LOST continues to be a griping and very interesting show. The plot lines continue to intrigue and baffle, the good buys and the bad guys continue to evolve, the time/space continuum continues to be in flux. LOST seems to be a universe unto itself, but the farther we dive into the life and times of Benjamin Linus, the more the show starts to look like Alais. I loved the first few seasons of Alias-but it seriously lost its way in the end. Alias’s wrap up made even less sense than the silliness of rival super secret government spy cells fighting over ancient magical machines.
LOST has always been heading down that road itself, but once it stopped being the story of the survivors of Oceanic Flight 815 and became the Life and Times of Ben the Rat-well, it has lost something. We now have the major story line turned into a fight between two apparently superhuman beings with unlimited power and influence-who can’t seem to be kill each other. Are Ben and Widmore the same person in slightly different time lines? As always, the great thing about LOST is that there are nothing but questions and never any answers.
The killing off of several major characters this season is both shocking and expected. After all, only six, or was it seven?, people get off the Island and return to the Real World. So either the others have to be left behind or they have to be killed before they can be rescued. It is also somewhat surprising that Ben can summon the smoke monster, which was more than a bit of a disappointment in itself. With a voice like Godzilla and that look of awe and wonder on John’s face when he first saw it-we all expected, a CGI cloud? Ranks up there with Data telling the Borg to take a nap so the Enterprise can get away.

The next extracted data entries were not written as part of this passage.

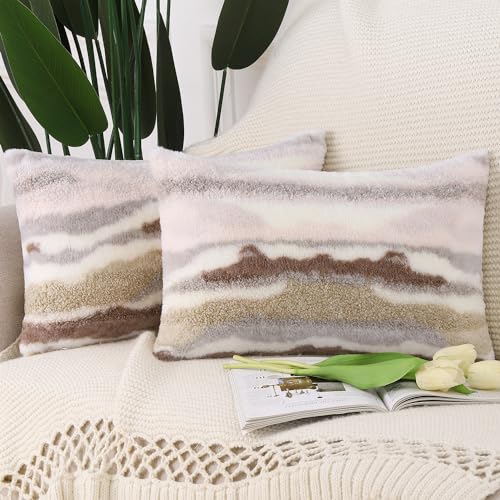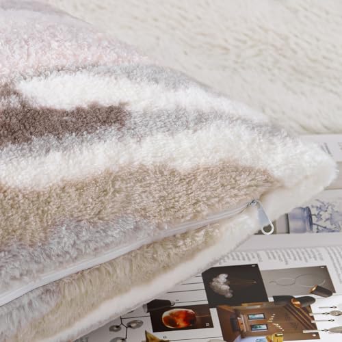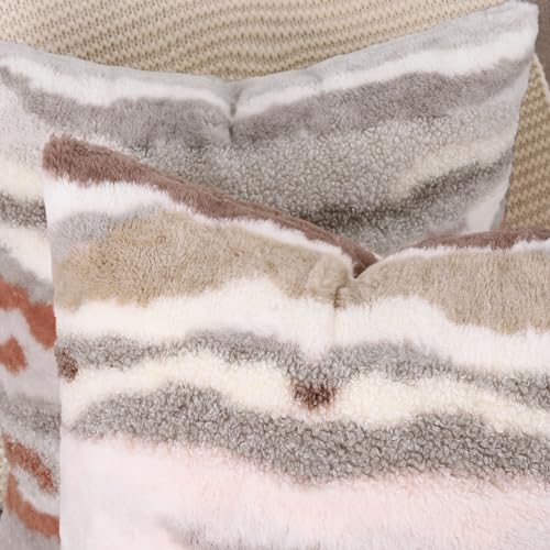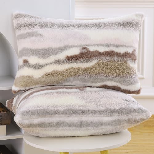 Madizz 2er Set Kunstpelz Fleece Zierkissenbezüge Dekorative Weich Kissenhülle Dekokissen Sofakissen Lendenkissen für Sofa Schlafzimmer Grau Braun 40×60 cm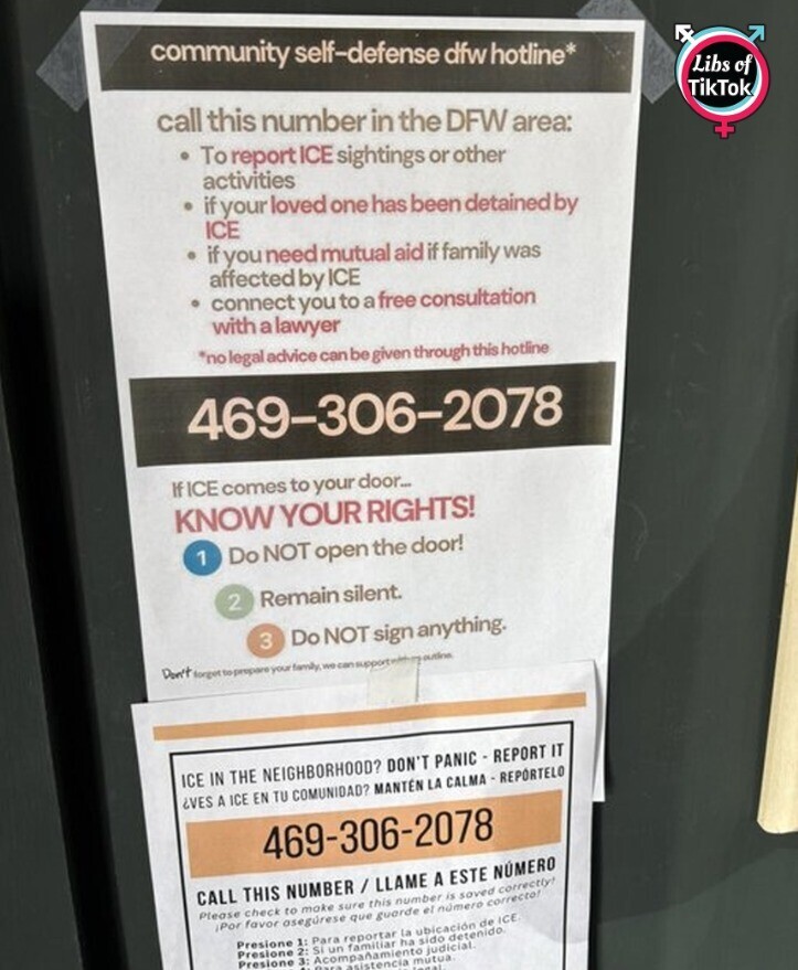 INBOX: Hemlock Fox, a bar in Denton, Texas, reportedly posted "community self-defense hotline" flyers instructing people to report ICE agents and help illegals avoid ICE arrest and deportation.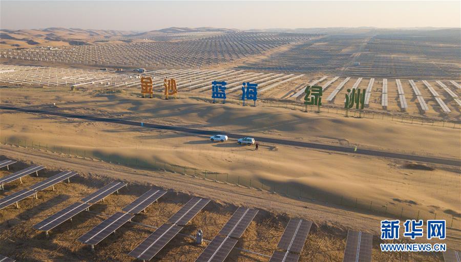 位于庫(kù)布其沙漠腹地的達(dá)拉特光伏發(fā)電應(yīng)用領(lǐng)跑基地一期500兆瓦項(xiàng)目(12月13日無人機(jī)拍攝)。 新華社記者 彭源攝

But I will keep watching, I think LOST is the best show on TV. The big twist this season was the flashforwards, which replaced the flashbacks as the major means of filling time while our heroes wander around in the jungle. If we trust the story, then we know that at least our little core group will survive more or less in tact. Unless, of course, there are time variations at play, in which case maybe Jack will die from a rupture appendix, even though we have seen him alive and not so well in the future.
As with Alais, it is pretty much impossible for the show to end in a way that will please everyone. Even if all the countless loose ends are somehow tied up-some us won’t like the knots they used.